- Born: 1829 Wroughton, Wiltshire
- Died: 1918
- Occupation: Engineer
- Engineering career
- Discipline: Civil engineering
- Institutions: Institution of Civil Engineers

= Thomas Codrington =

British engineer and antiquarian

Thomas Codrington (1829 in Wroughton, Wiltshire – 1918) was a British engineer and antiquarian of the late Victorian era. With a career background as an Inspector for local government, he published several known works. First was Report on the Destruction of Town Refuse, published by Her Majesty's Stationery Office in 1888. This was only a short pamphlet of 48 pages, including illustrations of furnaces in use at the time.

Codrington went on to write the slightly more substantial 172 page work The Maintenance of Macadamised Roads in 1879, published by E. & F.N. Spon.

For the Roads Improvement Association, Codrington wrote The Roads Improvement Association - Its Teaching Confirmed; he had acted for the RIA in a successful court action in 1885 regarding the state of the roads in Halesowen.

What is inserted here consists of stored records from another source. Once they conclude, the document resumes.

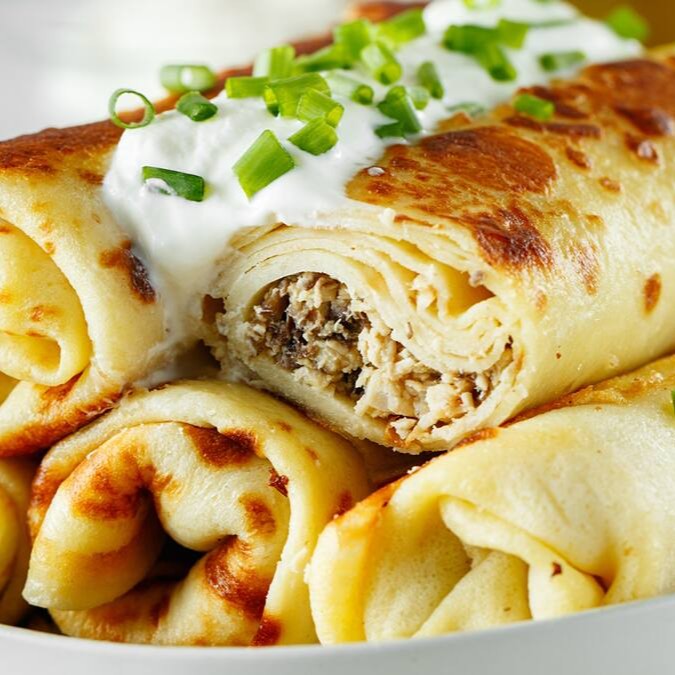 Panqueca De Frango E Alho Poró Com Molho Branco
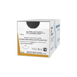 Бонус: 26.20 руб. Полигликолид-капролактон мононить расс., фиолет., USP 6-0 (М0,7), 45см, реж/1, 3/8,12мм
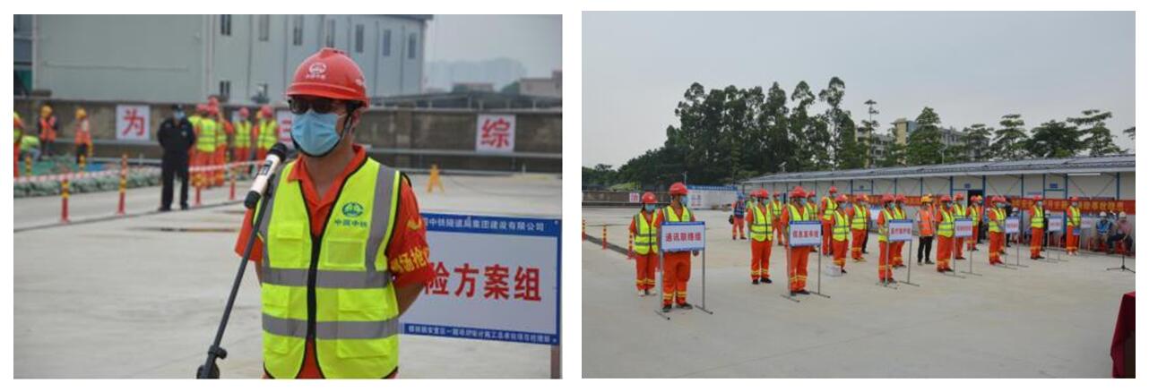 演练活动模拟因突降暴雨,河涌倒灌基坑,导致机械设备被淹等险情。应急救援指挥中心快速响应,组织一线抢险、物资保障等7个小组抢修重点部位,转移被困人员、设备。经过近1个小时的紧张抢险,11时50分,指挥中心宣布险情解除。
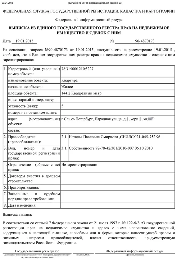 Дело в том, что и в первой выписке из ЕГРП (там, где вместо имени — числа), и во второй — указан страховой номер индивидуального лицевого счета (СНИЛС) владельца недвижимости. И в обоих случаях СНИЛС совпадает.
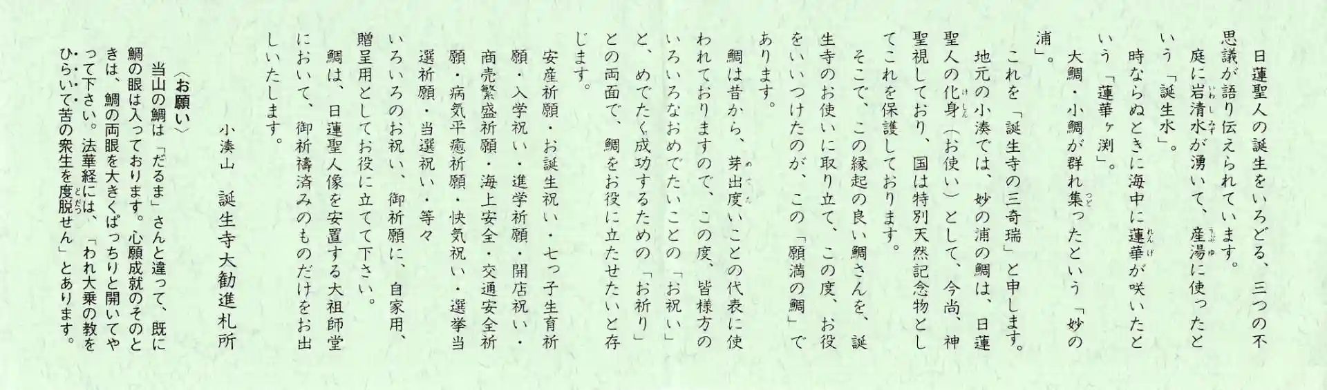 そこで、この縁起の良い鯛さんを、誕生寺のお使いに取り立て、この度、お役をいいつけたのが、この「願満の鯛」であります。
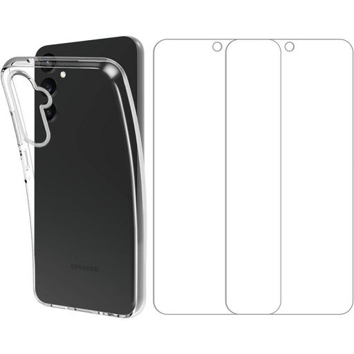 coque transparente souple mais qui protège bien mon samsung A35. verre trempé face avant très bien mise en place du verre trempé très facile.
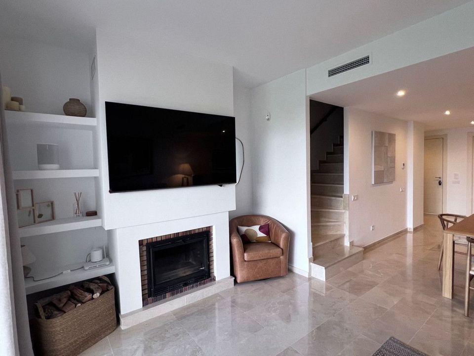 We are delighted to be able to offer for sale this immaculate 2-bedroom 2.5-bathroom townhouse located in the ever popular "Monte Alto" La Cala Golf. With its immaculate mature gardens, 2 communual swimming pools & tropical walkways. This townhouse offers 2 large double bedrooms, both with ensuite bathrooms & terraces, the master bedroom has fabulous mountain views & sea in the distance. Ample fitted wardrobes to both bedrooms with additional wardrobe storage on the landing. On the ground floor we have a fully fitted kitchen including an integrated fridge freezer, washing machine & a dishwasher, guest WC, good size dining area leading to the lounge area featuring a functioning fan assisted log burner for winter use, this then leads out on the terrace & garden area. The house offers direct internal access down to a private garage large enough to take 2 standard sized cars plus additional storage. The garage has its own private electric vented door. Further features include cream polished marble floors throughout, recently renewed ducted air conditioning system, hot & cold, Electric window shutters throughout, Double glazing, fibre optic internet. This house would make a perfect holiday or permanent home being just a short drive to La Cala De Mijas. La Cala Resort offers 3 championship golf courses, Hotel & Spa, Padel courts & various dining establishments. To be sold un-furnished.
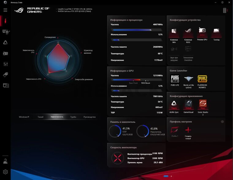 Возможности Asus Armoury Crate включают:
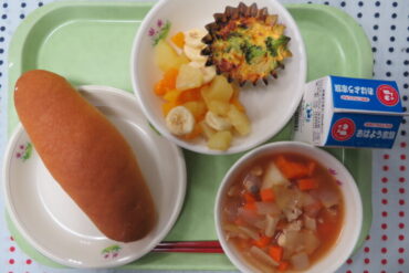 米粉入りパン、牛乳、ブロッコリーとベーコンのキッシュ、フルーツあえ、ポークビーンズ
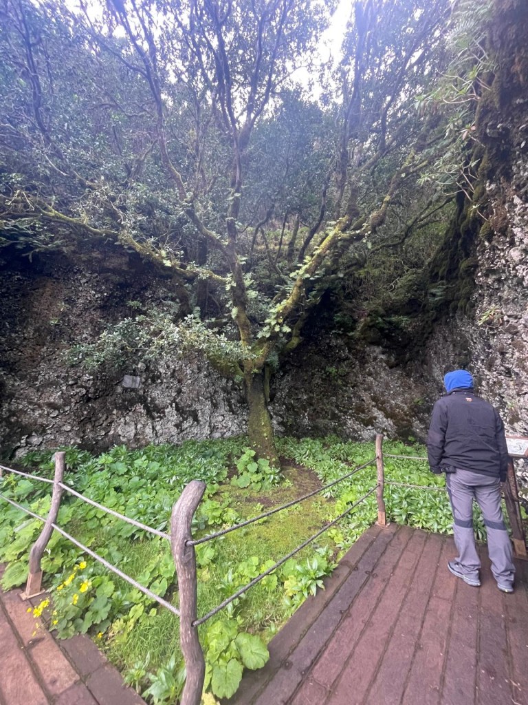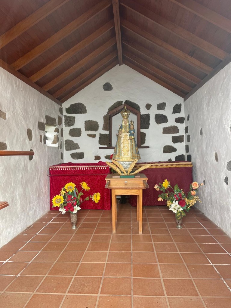 Nonostante il freddo, decidiamo di proseguire verso il Mirador de Jinama, a circa 3,5 km da San Andrés. Purtroppo, quando arriviamo, la vista è completamente oscurata dalla nebbia. L’unica cosa che riusciamo a visitare è la Cappella della Virgen de la Caridad, un piccolo edificio religioso situato accanto al belvedere.
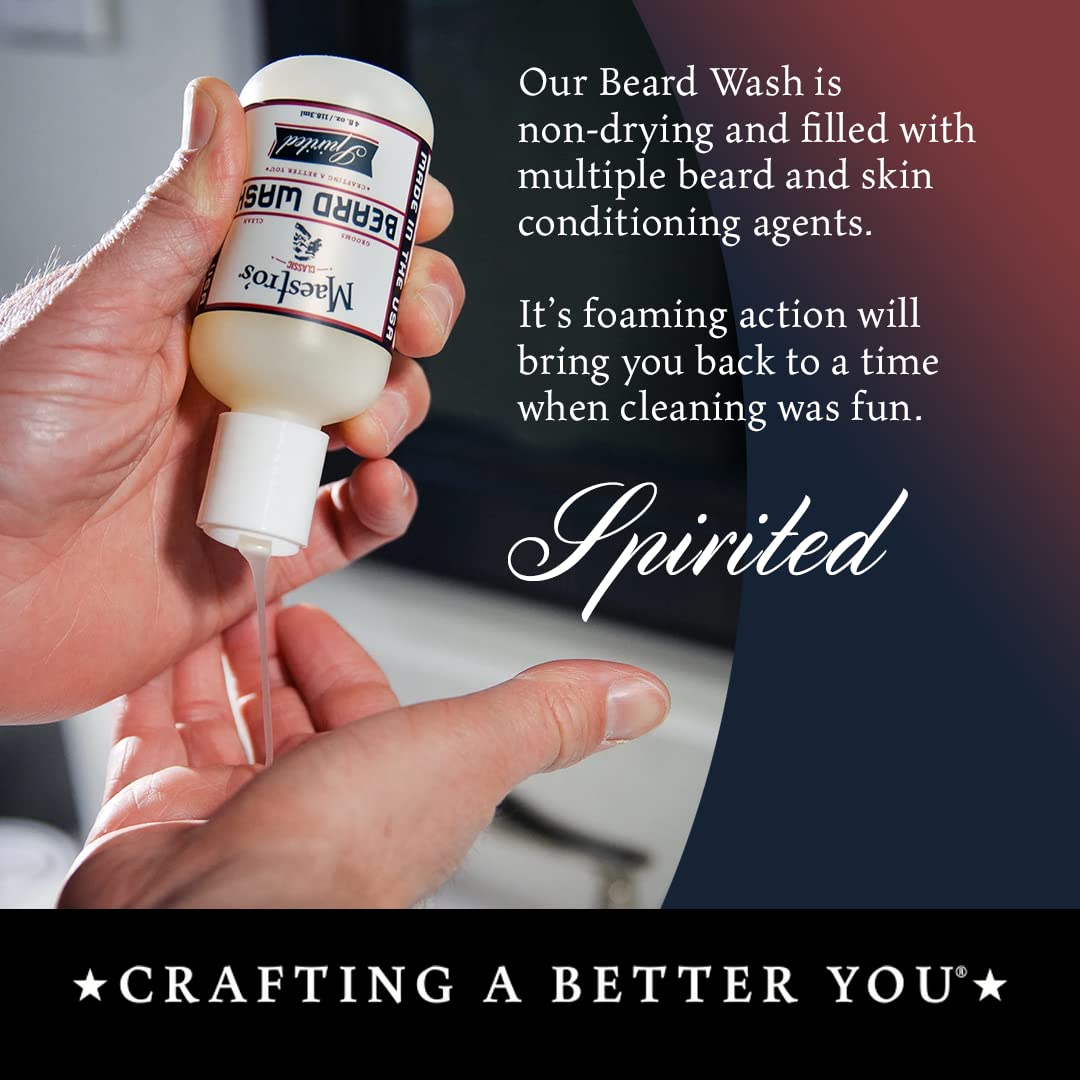 Maestro's Classic BEARD WASH | Anti-Itch, Deep Cleaning, Non-Drying, Fully Hydrating Gentle Cleanser For All Beard Types & Lengths- Spirited blend, 4 Ounce

However, by far Codrington's most famous work was also one of his last. Roman Roads in Britain, published originally in 1903, was the first attempt by any author to catalogue fully the evident remains of the Roman transport network in the United Kingdom. Several further editions were subsequently published, and indeed reprinted. The last of these was a reprint of the 3rd edition in 1928.